Pages

Labels

Friday, March 28, 2008

Catholics and Evolution

This was originally intended to be a comment on the post below regarding "folk science", responding to Karie's request for books dealing with evolution from a Catholic perspective. However, it was getting so long I figured it might as well be a post instead.

I have not, as of yet, read the books that Geoffrey recommends, though several of them are ones that I am eager to read -- notably the collection of papers from the conference on evolution and creation which Benedict XVI sponsored last year (and now available in English from Ignatius.)

There is, in my opinion, a dearth of good material on "evolution from a Catholic perspective" which is accessible to the average reader. The reason for this is, so far as I can tell, that for many of those with a solid understanding of the topic, it does not seem like much of a controversy for Catholics, while many of those who are most urgent to frame the debate for other Catholics are those who are concerned that evolution represents some particular threat to the faith.

At the risk of being pedantic (a risk to which I am all too prone) I'd like to try to sketch very briefly how it seems to me the issue should be viewed by Catholics before listing off a couple of books.

There are, so far as I can tell, three reasons that people worry about evolution from a religious perspective:

1) Scriptural -- For those with a certain approach to biblical exegesis, it seems necessary to believe that all plants and animals were created within a short period of time and that nothing ever died before Adam's fall. For these folks, the billion year plus history of life presented by evolution is a major problem.

2) Philosophical -- Many Catholic thinkers look at terms used by modern biologists such as "undirected evolution" and "random mutation" and take it that evolution as a biological theory requires a philosophical stance that denies God's knowledge and creative power.

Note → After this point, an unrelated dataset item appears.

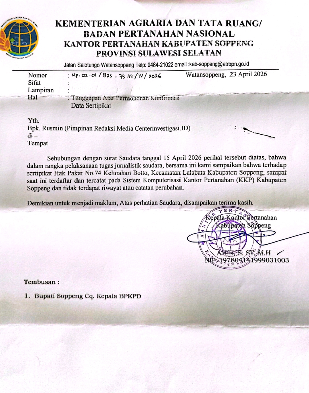 Dalam surat tertanggal 23 April 2026 yang diterima redaksi pada Senin (27/04/2026), BPN Kabupaten Soppeng menyampaikan bahwa sertifikat Hak Pakai Nomor 74 yang berlokasi di Kelurahan Botto, Kecamatan Lalabata, hingga saat ini masih terdaftar secara resmi.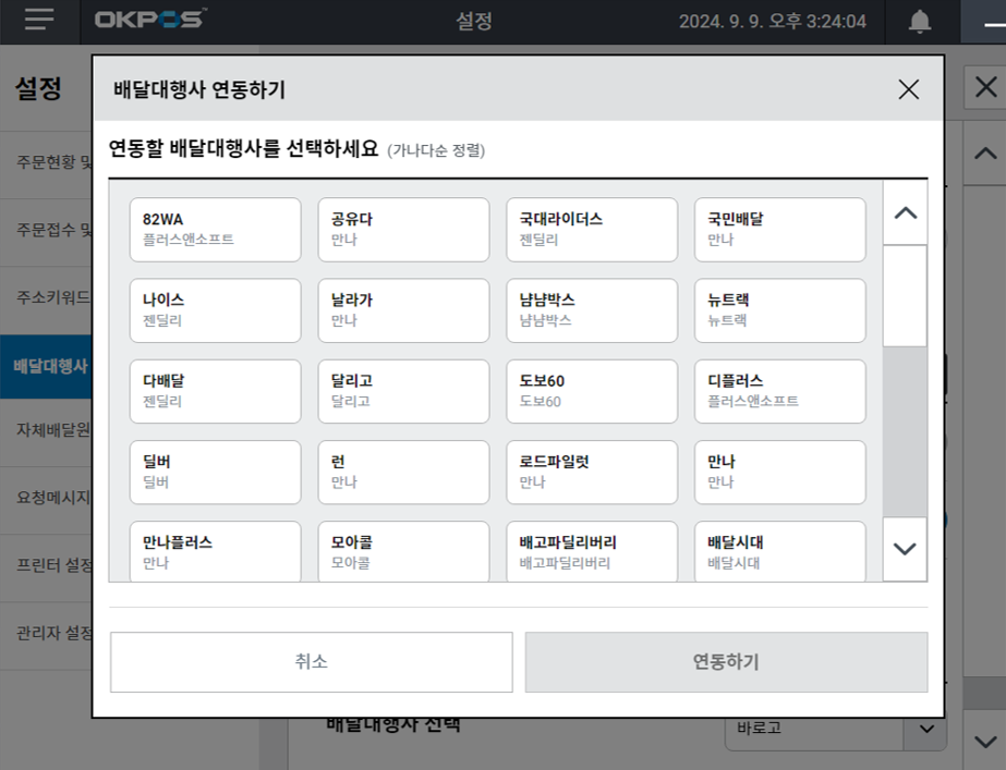 5. 배달매니저와 연동된 배달대행사 목록을 조회합니다 사용 설정이 되어있어야 라이더 요청팝업에 배달대행사가 조회됩니다.

They have no problem in principle with an ancient earth or with common descent, but they fear that evolutionary theory requires an acceptance of radically materialistic philosophy. This is also fed by:

3) Guilt by Association -- Many of the most well known biologists of the last 150 years have been atheists, and some of the most outspoken attackers of religion today (e.g. Richard Dawkins) are professional biologists. Given point two above, this tends to make people even more concerned that there is something fundamentally dangerous about evolutionary theory.

Point one has never been a great Catholic hang up because it is based on an approach to biblical interpretation which is generally not ours. However, if one wants to look at the question of how Catholics should deal with the creation account in Genesis, you won't get much better than Pope Benedict's commentary on the Creation Account. Catholics have long held that the Bible and science are eminently compatible -- a point on which Galileo extensively quotes St. Augustine in his Letter to the Grand Duchess Christina.

Point two is where the most worry goes on these days, fueled to a great degree by point three. (Guilt by association is not, of course, a valid reason to take anything to be false in the realm of science, but it's an easy enough worry to get into given that so many apologists for atheism are running around loudly claiming that evolution has proved that there is no God.)

Perhaps the most famous example in regards to point two is some Cardinal Schonborn's writing, including his famous NY Times editorial, and several articles in First Things. Now, I agree with nearly everything that Schonborn says, except that he at time seems to suggest (and I don't know if this is just a matter of translation or a confusion that sometimes creeps into his writing) that the modern "neo-Darwinian" synthesis in biology somehow contains (or can contain) philosophical assumptions of randomness and lack of direction which are contrary to the faith.

Now, certainly, many individual scientists base their claims that the world is random and without direction (in the philosophical sense of the terms) on their understanding of biology, but in my opinion (and Cardinal Schonborn expresses this as well in some other parts of his writing) it is not in fact possible for science to produce or support philosophical positions such as these, except to the degree it may make one feel they are plausible.

People often think of science as telling us how the world actually is, but in fact, the scientific method is simply designed to allow us to make accurate predictive models of how physical systems governed by physical laws will act in the future. As such, it is fundamentally incapable of speaking to issues like whether the universe has a purpose, is moving in some intended direction, or is "random" in the philosophical sense of the term.

All that said, I don't currently have any books that deal with issues two and three from a Catholic perspective. I would, however, strongly recommend anything written in First Things about evolution by either Stephen M. Barr or Fr. Edward T. Oakes.

Stephen M. Barr's book Modern Physics and Ancient Faith deals with the relationship between modern science and a proper Catholic understanding of God's role in providing order in the universe (and the inability of materialist philosophies to explain this on their own) but it's primarily about physics and astronomy in that regard, not biology.

Kenneth Miller's Finding Darwin's God presents some good critiques of the science that goes into "Intelligent Design", but I didn't find it fully satisfying at a theological level. (Miller is a Catholic biologist.)

My own approach tends to be that one doesn't really need a Catholic book on evolution, so long as one had a proper Catholic understanding of the place of the physical sciences in the overall hierarchy of knowledge. If one has a clear idea of what science can and can't do, evolution as a theory doesn't present any particular worry from a Catholic point of view.